> Assignment:
Print the entries below exactly as they appear, from the first line up to and including the line with "Members of the". Do not print any pictures.

[Start of section]

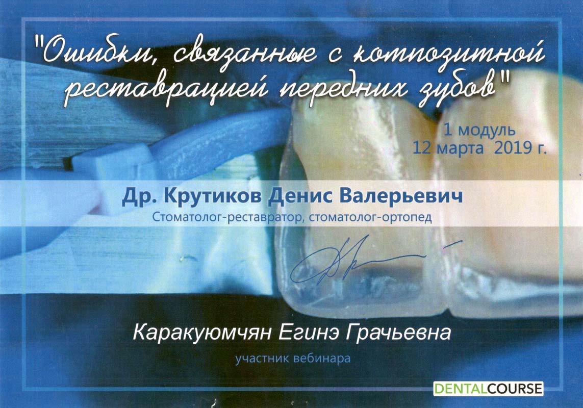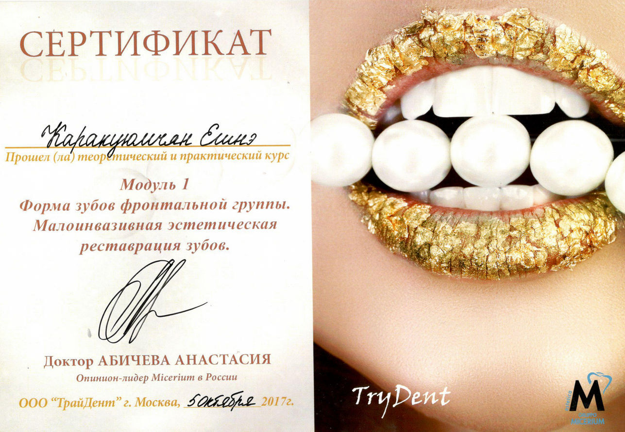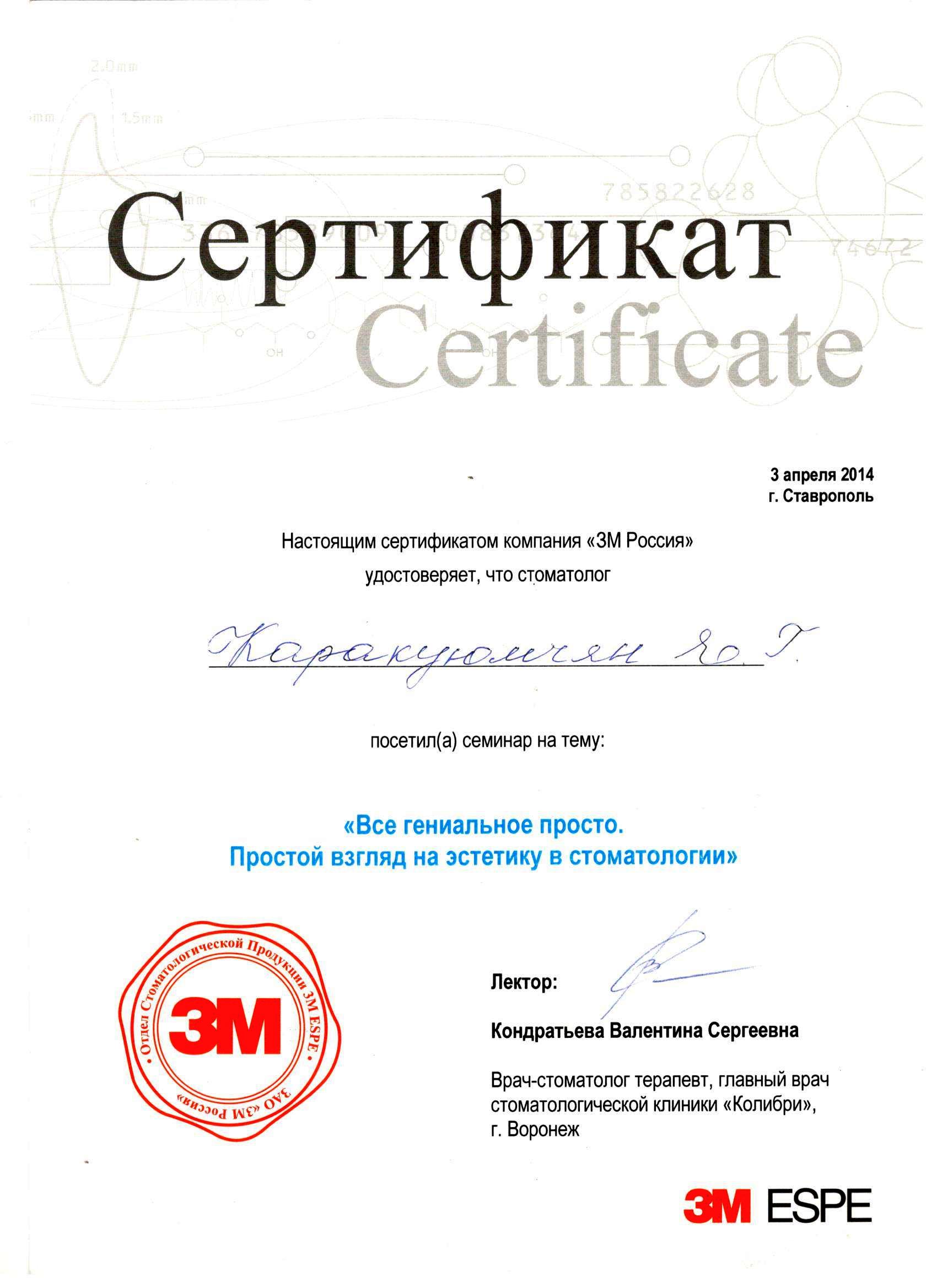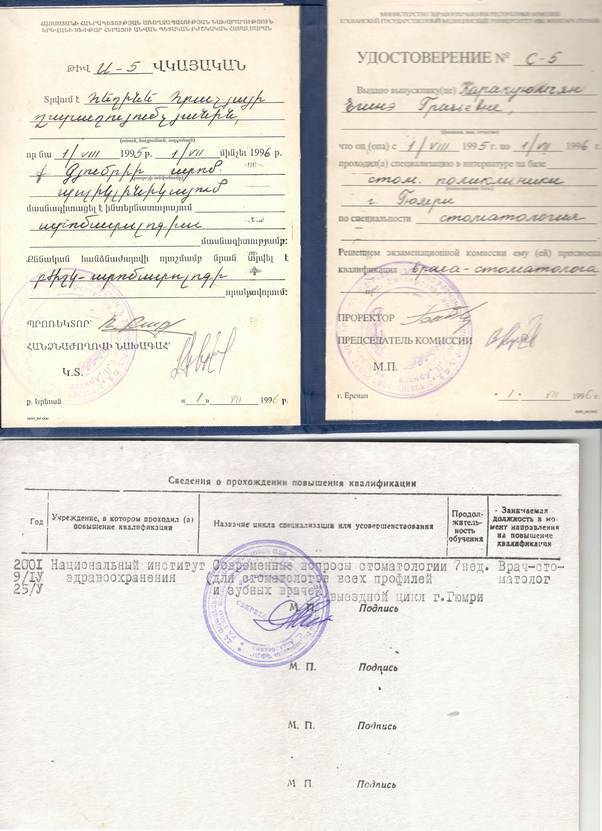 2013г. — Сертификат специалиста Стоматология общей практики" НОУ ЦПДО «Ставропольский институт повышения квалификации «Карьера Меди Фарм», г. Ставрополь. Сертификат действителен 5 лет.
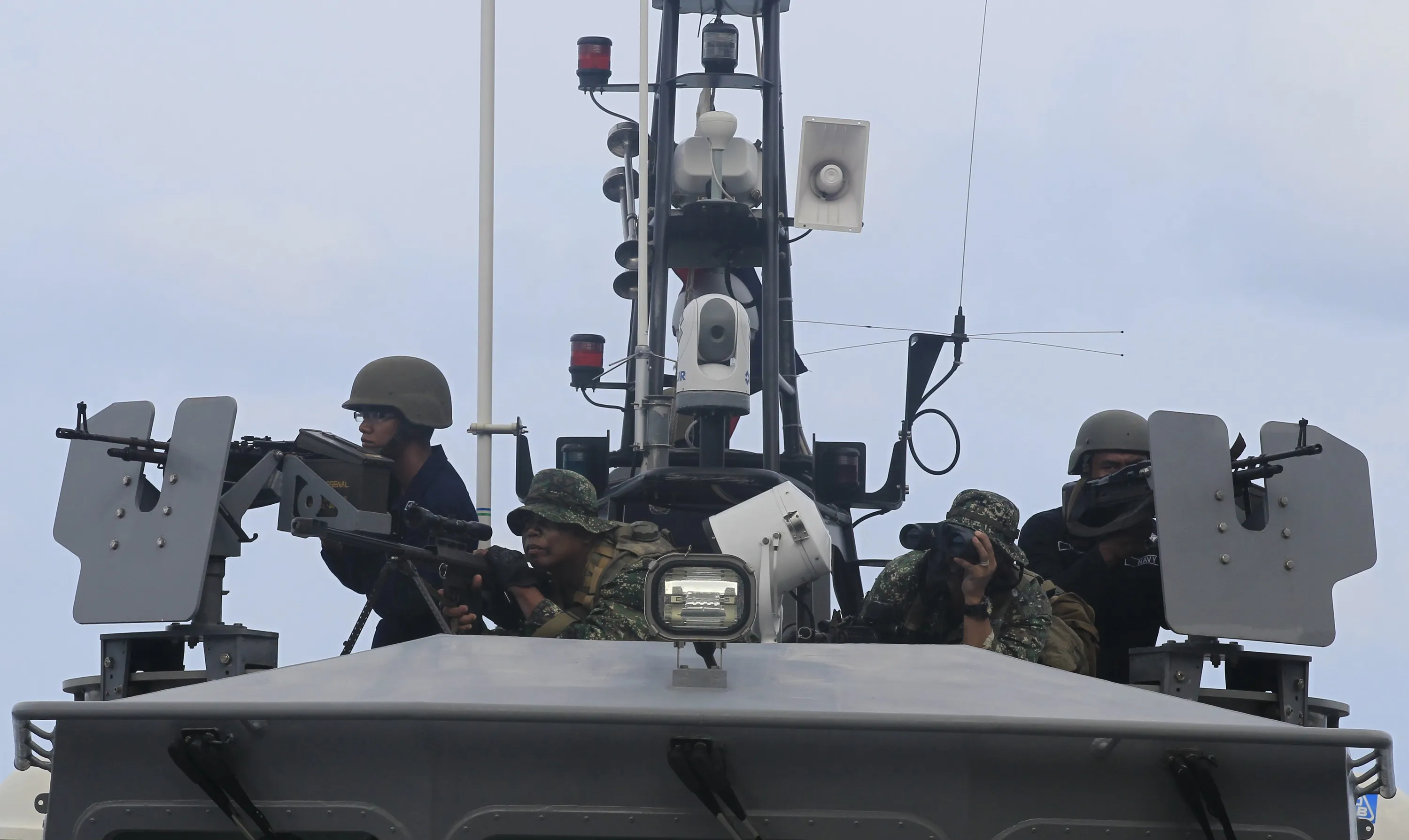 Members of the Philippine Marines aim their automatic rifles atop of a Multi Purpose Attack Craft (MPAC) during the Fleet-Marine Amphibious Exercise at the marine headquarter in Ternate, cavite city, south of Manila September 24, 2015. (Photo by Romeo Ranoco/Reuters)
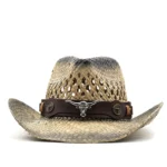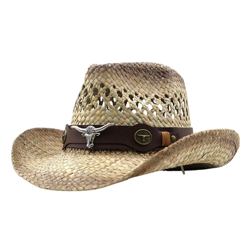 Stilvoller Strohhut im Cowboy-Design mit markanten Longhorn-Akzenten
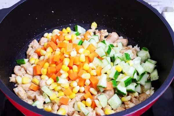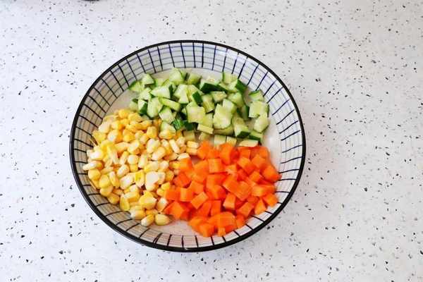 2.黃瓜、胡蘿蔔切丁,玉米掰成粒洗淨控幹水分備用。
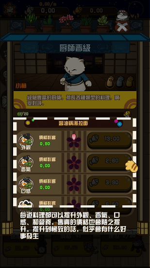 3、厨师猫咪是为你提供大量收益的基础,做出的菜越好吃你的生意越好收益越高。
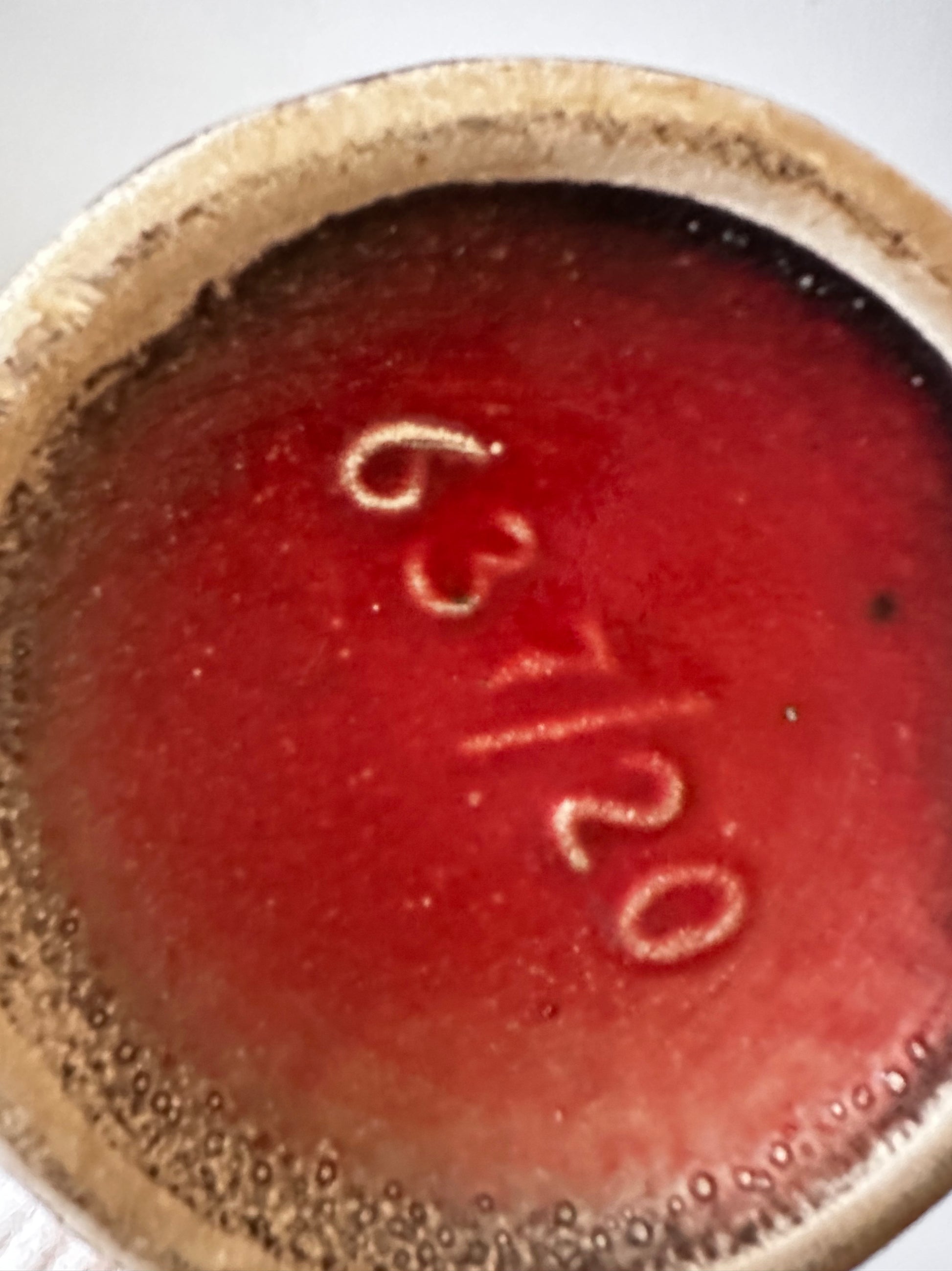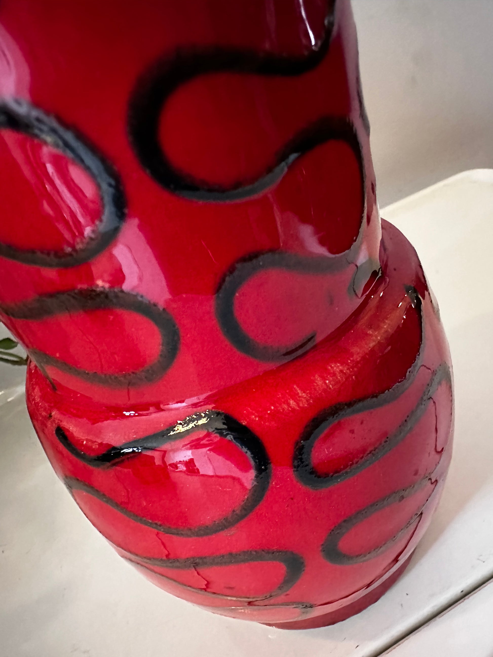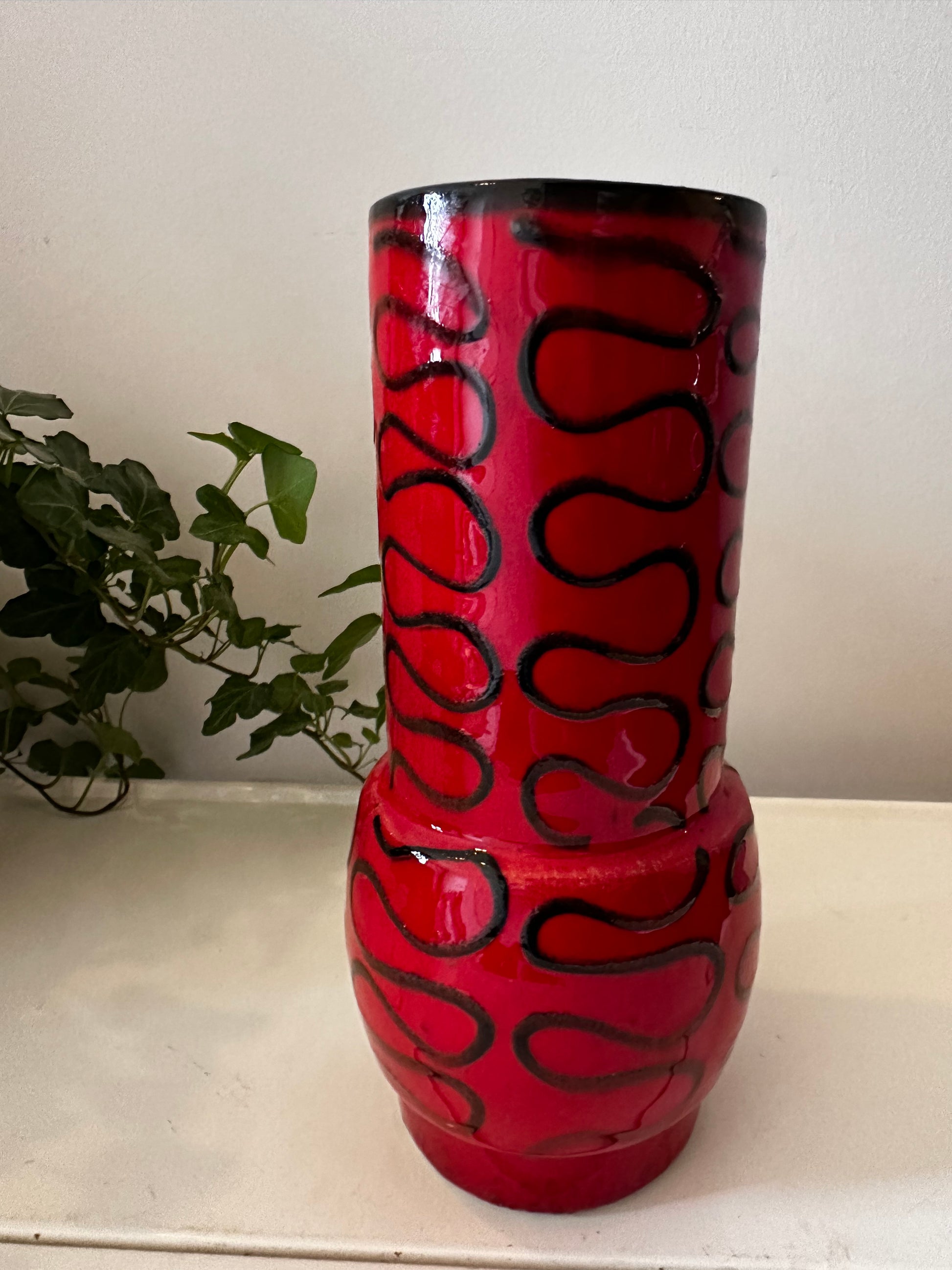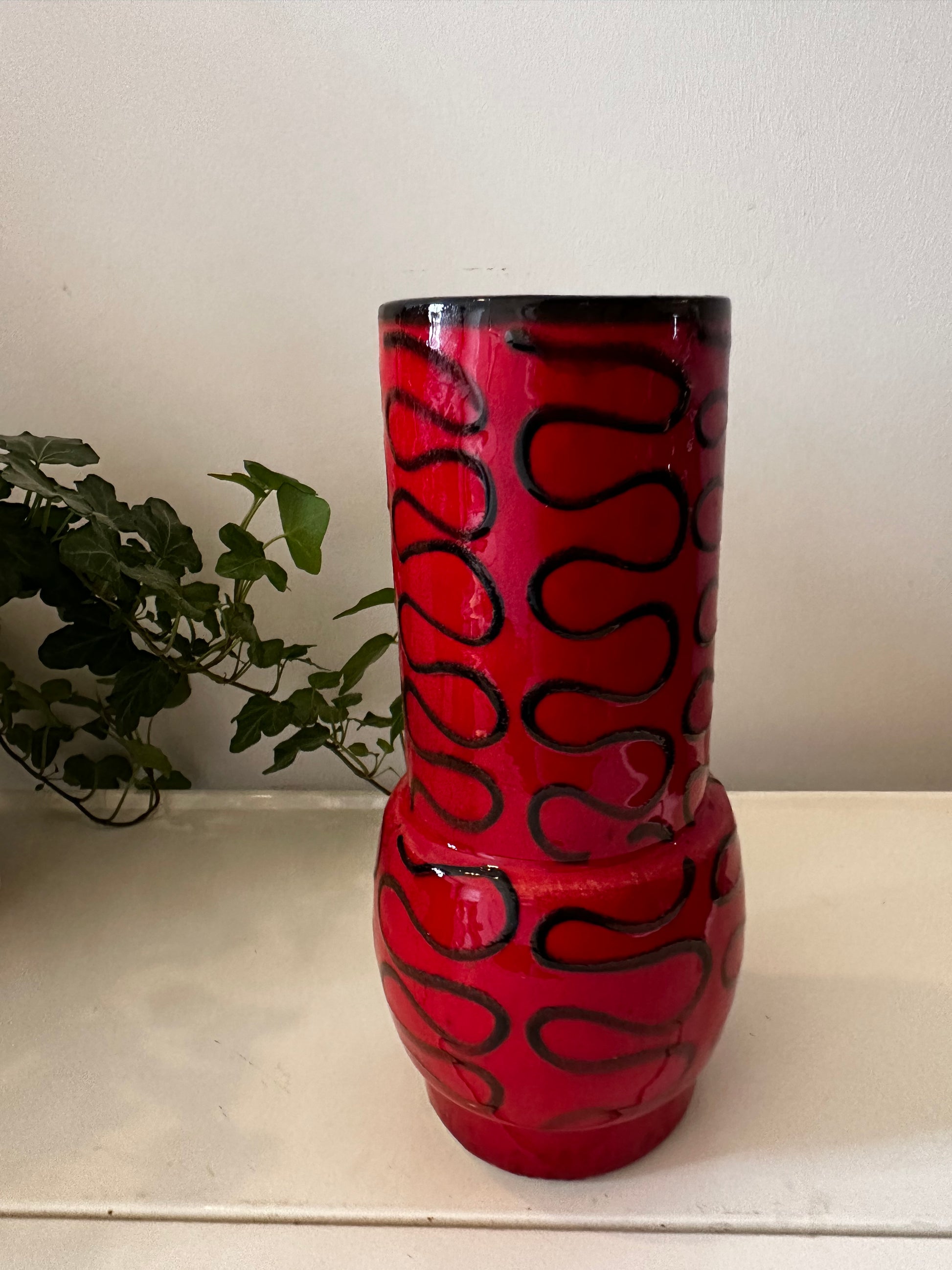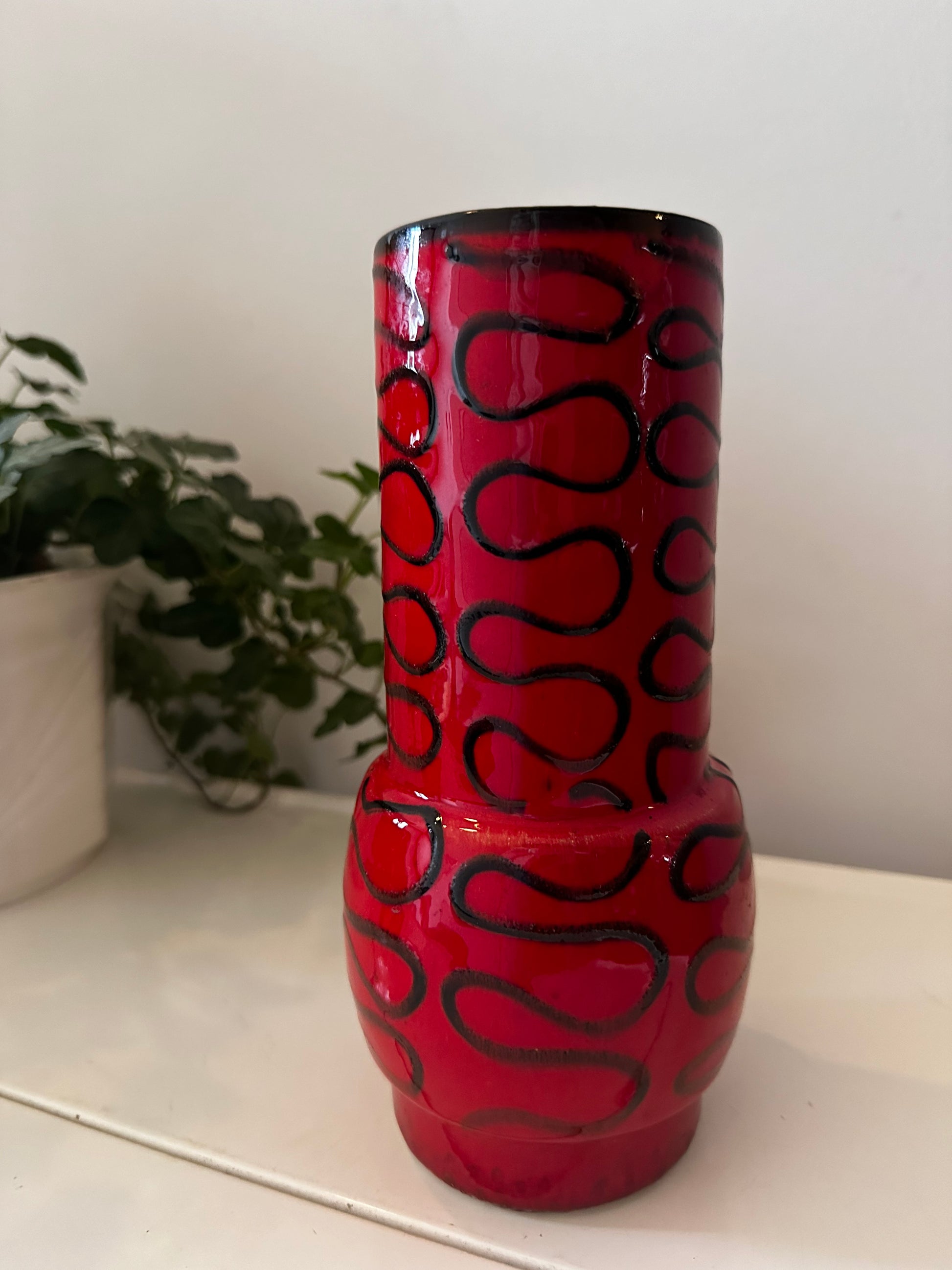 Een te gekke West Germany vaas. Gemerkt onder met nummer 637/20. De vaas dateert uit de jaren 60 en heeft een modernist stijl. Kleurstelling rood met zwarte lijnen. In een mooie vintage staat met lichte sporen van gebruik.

[End of section]

> Output of the exercise:
 2013г. — Сертификат специалиста Стоматология общей практики" НОУ ЦПДО «Ставропольский институт повышения квалификации «Карьера Меди Фарм», г. Ставрополь. Сертификат действителен 5 лет.
 Members of the Philippine Marines aim their automatic rifles atop of a Multi Purpose Attack Craft (MPAC) during the Fleet-Marine Amphibious Exercise at the marine headquarter in Ternate, cavite city, south of Manila September 24, 2015. (Photo by Romeo Ranoco/Reuters)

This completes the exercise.